Project Jukebox

Digital Branch of the University of Alaska Fairbanks Oral History Program

Lorene Ellis

Lorene Ellis

Lorene Ellis and her husband, Bill, moved the family from Texas to Alaska in 1954. In 1957, they purchased Devil's Mountain Lodge from the well-known big game guide, Henry Boyden. The Ellises raised their family in this remote location, which lies at the end of the Nabesna Road, some 42 miles into the Wrangell Mountains. Bill became a bush pilot and, with Lorene's help, established a successful guiding business. They had four sons, Terry, Lynn, Cole, and Kirk, who were all involved in guiding or air taxiing in the Wrangell-St. Elias area. Kirk and Cole are full partners with their dad in guiding out of Devil's Mountain Lodge. Lynn operates Ellis' Air Taxi at the Glennallen Air Field, which flies hunters, hikers, and climbers into the Wrangell Mountains. Terry retired from the fire department in Anchorage, and is back into guiding during the seasons. When Wrangell-St. Elias National Park was established by President Carter's invocation of the Historic Monuments Act in 1979, people like the Ellises with long-standing ties to the area were greatly affected. A new regulatory and administrative structure was put in place and the National Park Service's preservation mandate often conflicted with established uses; uses which included mining, hunting, and guiding.

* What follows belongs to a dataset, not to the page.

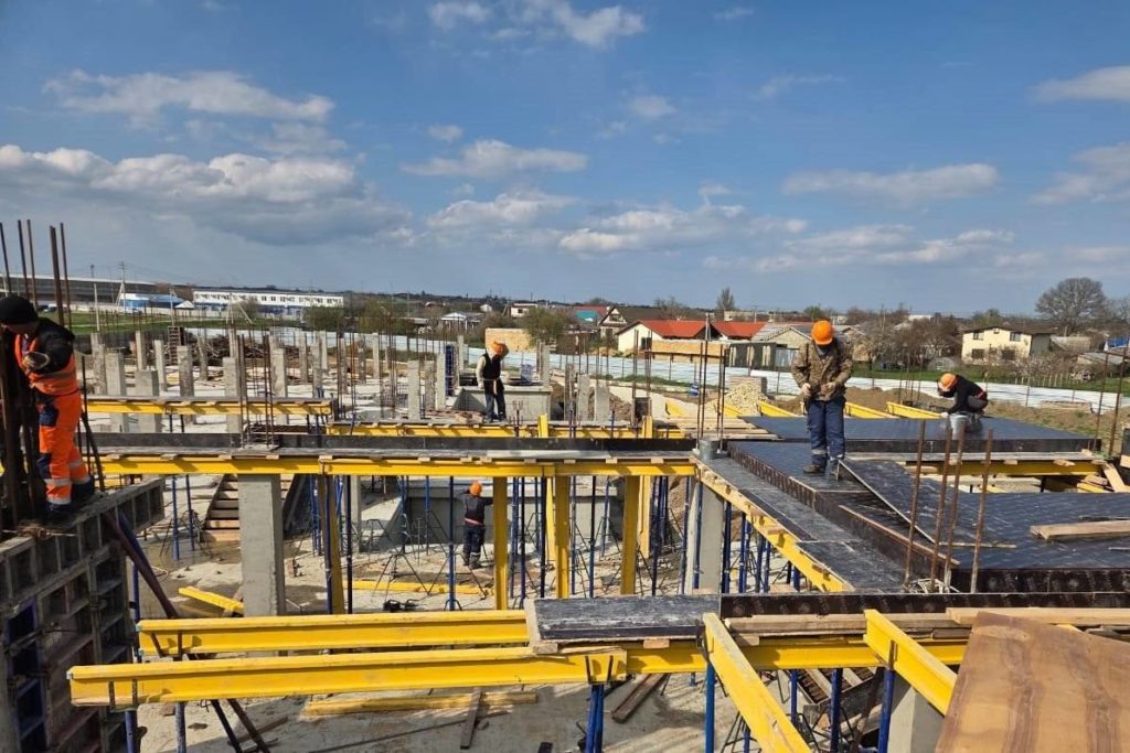 В настоящее время на строительной площадке активно ведутся работы. Монтируется опалубка плиты перекрытия первого этажа, подпорная стена периметра и дренажная система. Параллельно осуществляется подготовка стен для установки гидроизоляции.

Moreover, many local residents felt their trust was violated by policy-makers based in Washington D.C. whose interests were seldom those of the people already living in the area. The Ellises struggled under an increasingly cumbersome regulatory structure that they felt favored those with formal schooling or those with the money to hire lawyers to fill out the profusion of paperwork. The Ellis' expertise lies with the land, the animals, and the tricky business of mountain flying. Something is very wrong, they say, when the National Park Service is threatening to deny them use of the very cabins they sweated to erect, while in the next valley the Park Service expends funds to restore "historic" mining cabins that are rotting into the ground. The question for them is: "What is it that the Park Service is mandated to preserve and protect?"